___ SUPPLIED MATERIAL ___
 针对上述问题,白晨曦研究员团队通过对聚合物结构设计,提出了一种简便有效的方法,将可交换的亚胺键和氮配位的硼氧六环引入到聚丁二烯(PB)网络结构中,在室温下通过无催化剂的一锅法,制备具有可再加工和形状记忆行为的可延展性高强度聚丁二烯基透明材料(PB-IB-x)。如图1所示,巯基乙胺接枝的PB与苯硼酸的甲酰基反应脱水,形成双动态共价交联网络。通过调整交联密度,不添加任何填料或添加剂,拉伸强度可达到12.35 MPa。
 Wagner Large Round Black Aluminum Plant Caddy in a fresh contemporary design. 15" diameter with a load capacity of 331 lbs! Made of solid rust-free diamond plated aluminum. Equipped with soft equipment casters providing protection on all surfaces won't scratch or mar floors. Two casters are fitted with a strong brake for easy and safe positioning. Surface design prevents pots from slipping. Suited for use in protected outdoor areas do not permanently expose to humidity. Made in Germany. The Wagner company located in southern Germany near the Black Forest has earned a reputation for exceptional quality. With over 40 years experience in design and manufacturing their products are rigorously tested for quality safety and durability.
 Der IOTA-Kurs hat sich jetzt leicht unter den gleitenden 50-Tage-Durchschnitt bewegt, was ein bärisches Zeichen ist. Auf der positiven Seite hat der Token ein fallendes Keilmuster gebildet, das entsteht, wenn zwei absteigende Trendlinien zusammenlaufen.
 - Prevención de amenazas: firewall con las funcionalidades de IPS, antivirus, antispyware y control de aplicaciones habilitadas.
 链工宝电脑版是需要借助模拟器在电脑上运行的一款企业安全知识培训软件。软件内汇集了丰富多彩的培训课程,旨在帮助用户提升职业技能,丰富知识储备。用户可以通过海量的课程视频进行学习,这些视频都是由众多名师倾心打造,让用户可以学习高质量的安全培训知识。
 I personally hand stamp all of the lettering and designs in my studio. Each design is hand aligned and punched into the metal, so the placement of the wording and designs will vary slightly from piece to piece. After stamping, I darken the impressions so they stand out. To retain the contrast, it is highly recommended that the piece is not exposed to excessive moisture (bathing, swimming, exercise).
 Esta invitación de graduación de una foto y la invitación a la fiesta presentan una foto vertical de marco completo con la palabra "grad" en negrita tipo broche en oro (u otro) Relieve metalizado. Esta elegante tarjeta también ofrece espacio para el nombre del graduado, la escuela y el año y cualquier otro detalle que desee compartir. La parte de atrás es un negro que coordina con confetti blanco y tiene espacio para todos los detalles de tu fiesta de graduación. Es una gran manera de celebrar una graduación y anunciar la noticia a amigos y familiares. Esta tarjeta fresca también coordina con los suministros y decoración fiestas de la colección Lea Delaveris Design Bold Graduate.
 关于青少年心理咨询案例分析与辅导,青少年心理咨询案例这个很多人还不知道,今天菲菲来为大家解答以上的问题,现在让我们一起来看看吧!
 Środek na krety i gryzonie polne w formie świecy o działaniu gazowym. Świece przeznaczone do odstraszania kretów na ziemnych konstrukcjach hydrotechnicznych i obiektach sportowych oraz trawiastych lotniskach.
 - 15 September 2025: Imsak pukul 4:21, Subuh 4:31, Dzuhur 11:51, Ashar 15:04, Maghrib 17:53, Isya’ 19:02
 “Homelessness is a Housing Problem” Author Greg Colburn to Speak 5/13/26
___
**EXERCISE:** Print the full listing, word for word.

**ANSWER TO THIS EXERCISE:**
 针对上述问题,白晨曦研究员团队通过对聚合物结构设计,提出了一种简便有效的方法,将可交换的亚胺键和氮配位的硼氧六环引入到聚丁二烯(PB)网络结构中,在室温下通过无催化剂的一锅法,制备具有可再加工和形状记忆行为的可延展性高强度聚丁二烯基透明材料(PB-IB-x)。如图1所示,巯基乙胺接枝的PB与苯硼酸的甲酰基反应脱水,形成双动态共价交联网络。通过调整交联密度,不添加任何填料或添加剂,拉伸强度可达到12.35 MPa。
 Wagner Large Round Black Aluminum Plant Caddy in a fresh contemporary design. 15" diameter with a load capacity of 331 lbs! Made of solid rust-free diamond plated aluminum. Equipped with soft equipment casters providing protection on all surfaces won't scratch or mar floors. Two casters are fitted with a strong brake for easy and safe positioning. Surface design prevents pots from slipping. Suited for use in protected outdoor areas do not permanently expose to humidity. Made in Germany. The Wagner company located in southern Germany near the Black Forest has earned a reputation for exceptional quality. With over 40 years experience in design and manufacturing their products are rigorously tested for quality safety and durability.
 Der IOTA-Kurs hat sich jetzt leicht unter den gleitenden 50-Tage-Durchschnitt bewegt, was ein bärisches Zeichen ist. Auf der positiven Seite hat der Token ein fallendes Keilmuster gebildet, das entsteht, wenn zwei absteigende Trendlinien zusammenlaufen.
 - Prevención de amenazas: firewall con las funcionalidades de IPS, antivirus, antispyware y control de aplicaciones habilitadas.
 链工宝电脑版是需要借助模拟器在电脑上运行的一款企业安全知识培训软件。软件内汇集了丰富多彩的培训课程,旨在帮助用户提升职业技能,丰富知识储备。用户可以通过海量的课程视频进行学习,这些视频都是由众多名师倾心打造,让用户可以学习高质量的安全培训知识。
 I personally hand stamp all of the lettering and designs in my studio. Each design is hand aligned and punched into the metal, so the placement of the wording and designs will vary slightly from piece to piece. After stamping, I darken the impressions so they stand out. To retain the contrast, it is highly recommended that the piece is not exposed to excessive moisture (bathing, swimming, exercise).
 Esta invitación de graduación de una foto y la invitación a la fiesta presentan una foto vertical de marco completo con la palabra "grad" en negrita tipo broche en oro (u otro) Relieve metalizado. Esta elegante tarjeta también ofrece espacio para el nombre del graduado, la escuela y el año y cualquier otro detalle que desee compartir. La parte de atrás es un negro que coordina con confetti blanco y tiene espacio para todos los detalles de tu fiesta de graduación. Es una gran manera de celebrar una graduación y anunciar la noticia a amigos y familiares. Esta tarjeta fresca también coordina con los suministros y decoración fiestas de la colección Lea Delaveris Design Bold Graduate.
 关于青少年心理咨询案例分析与辅导,青少年心理咨询案例这个很多人还不知道,今天菲菲来为大家解答以上的问题,现在让我们一起来看看吧!
 Środek na krety i gryzonie polne w formie świecy o działaniu gazowym. Świece przeznaczone do odstraszania kretów na ziemnych konstrukcjach hydrotechnicznych i obiektach sportowych oraz trawiastych lotniskach.
 - 15 September 2025: Imsak pukul 4:21, Subuh 4:31, Dzuhur 11:51, Ashar 15:04, Maghrib 17:53, Isya’ 19:02
 “Homelessness is a Housing Problem” Author Greg Colburn to Speak 5/13/26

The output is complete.